Try these 5 easy and must do stretches for the office.


1. Stretching out your mouse arm.

Standing in a door way, bring your elbow and forearm to shoulder height and place it on the door frame. Keeping your hips square start to turn away from the door frame until you feel a stretching sensation across the front of your shoulder and chest.

Hold for 40-60seconds and repeat on the other side.

2. Attack your lazy glutes when you can’t peel yourself away from the desk.

Sitting with your spine stacked tall and feet level on the ground. Bring your right ankle up to rest on your left thigh. You may feel the stretch immediately in your right glute. If you’re looking for more start to hinge forward at the hips (lean forward) and use your right elbow to push down into your right knee. You don’t even need to take your fingers away from the keyboard to do this one!!

Hold for 40-60seconds and repeat on the other side.

3. Get your spine moving

Sitting tall with your spine stacked and feet level on the ground, cross your arms across your chest. Inhale to prepare, exhale to rotate your breast bone towards the left, feeling the rotation and stretch occur through the middle of your back. Be mindful to keep your chin in line with your breast bone. Inhale to return to centre, exhale to rotate towards the opposite side.

Repeat 5 times each side.

4. Avoid tension building up in your neck

Sitting tall with your spine stacked and feet level on the ground, take your right arm behind your back. Rotate your head towards the left roughly 45 degrees, pause and look down taking your nose towards your arm pit. Use your left hand on the back of your head to guide the stretch.

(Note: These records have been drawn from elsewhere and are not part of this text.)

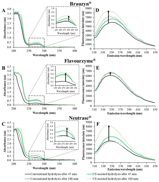 UV–Vis spectra (A–C) and Intrinsic fluorescence spectra (D–F) at pH 7.5 for protein hydrolysates obtained after 45 and 180 min of conventional and ultrasound-assisted hydrolysis.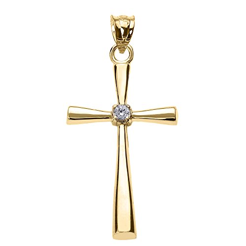 -. Title : Solitaire Diamond Cross Pendant in 14k Yellow Gold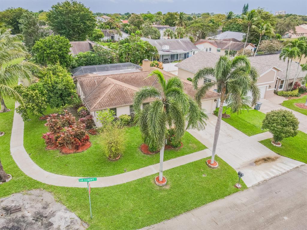 Fabulous Floridian Home with Sparkling Pool! Beautifully built in 1982 and marvelously maintained, this 3BR/3BA, 1,766sqft abode sits on a meticulously landscaped 0.17+acre corner lot. Enter the home to find a warm color scheme, crown molding, durable tile floors, and vaulted ceilings. The open-concept kitchen has stainless-steel appliances, granite countertops, wood cabinetry, breakfast bar, and an adjoining family room w/fireplace. For outdoor fun, the home includes a covered lanai and an oversized screened-in swimming pool! Every evening is a serene experience with a master bedroom, which has hardwood floors and en suite. Other features: 2-car garage, laundry room, hardwood floors in bedrooms, full hurricane protection panels, close to places of worship, and more! Call now for a tour!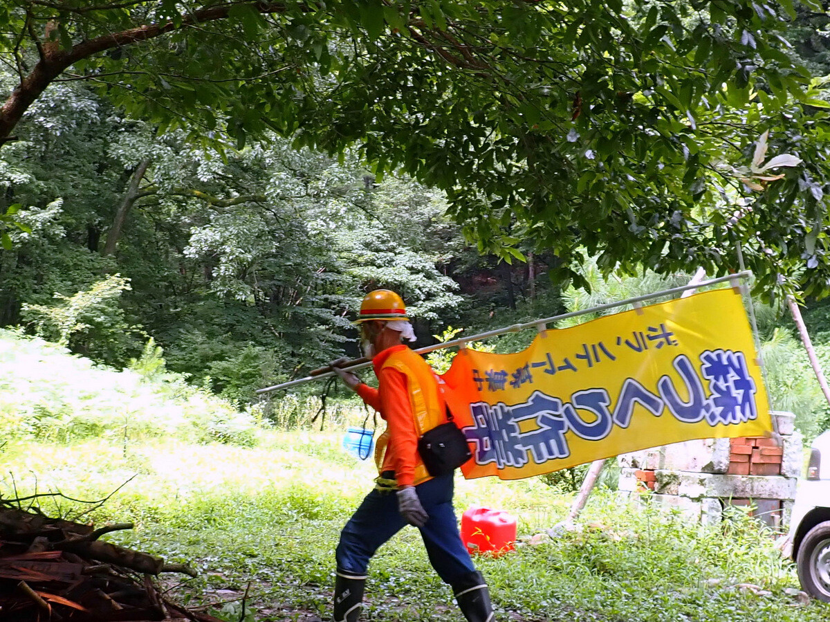 対策は、カシナガの新成虫が6〜8月ごろ、木の中から出てくる習性を利用し、新たな樹木に飛び移るところで、樹木に巻いた粘着シート「かしながホイホイ」で捕獲し、個体数を減らすことだ。……樹木には、カシナガ以外にも他のキクイムシや昆虫が入り込んでいるケースがあるという。このため、森林総研の専門家が、カシナガによる枯死かどうか、つまようじ一本で見分ける方法を伝授した。……職員たちは森林内で、つまようじでカシナガが開けた穴を探しながら、コナラなどの樹木にかしながホイホイを巻き付ける実技に取り組んだ。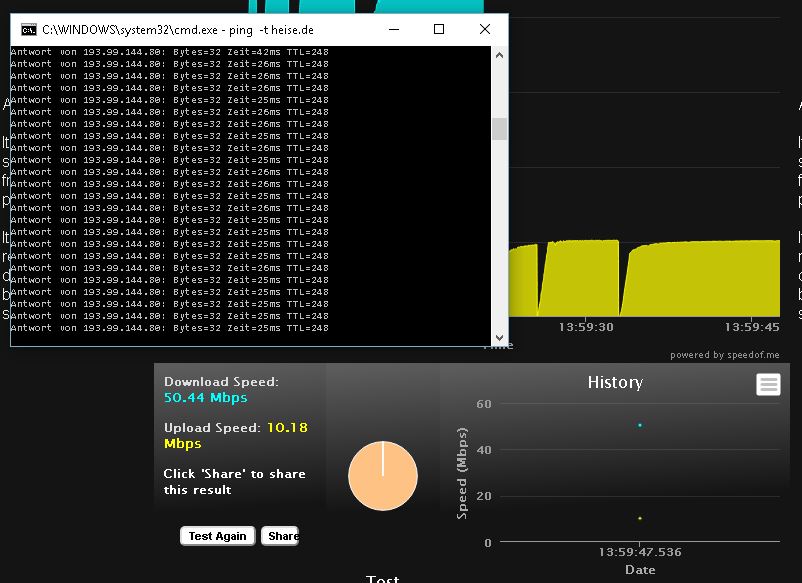 Edit: Screenshot mit ausgelastetem Upload und in die 20 - 30 ms Ping währenddessen. Die 42 ms oben in der cmd sind seltsamerweise noch vom Download.

Hold for 40seconds, repeat on the other side.

5. Keep mobility through the middle of your back through a seated ‘cat cow’

We spend most of our day in forward flexed postures. Take a minute to cross your arms across your chest, lean back over your chair (provided it is a sturdy one and the height of the back

of the chair meets your shoulder blades) and feel the stretch. If your chair is not an ideal height or not sturdy enough, sit forward off the back of your chair and repeat the same movement, aiming to bend at the shoulder blade line and raise your breast bone towards the roof. Hold for a couple of seconds before folding forward and creating a ‘C’ shape with your spine.

Take the time to move in and out of this 5 – 10 times.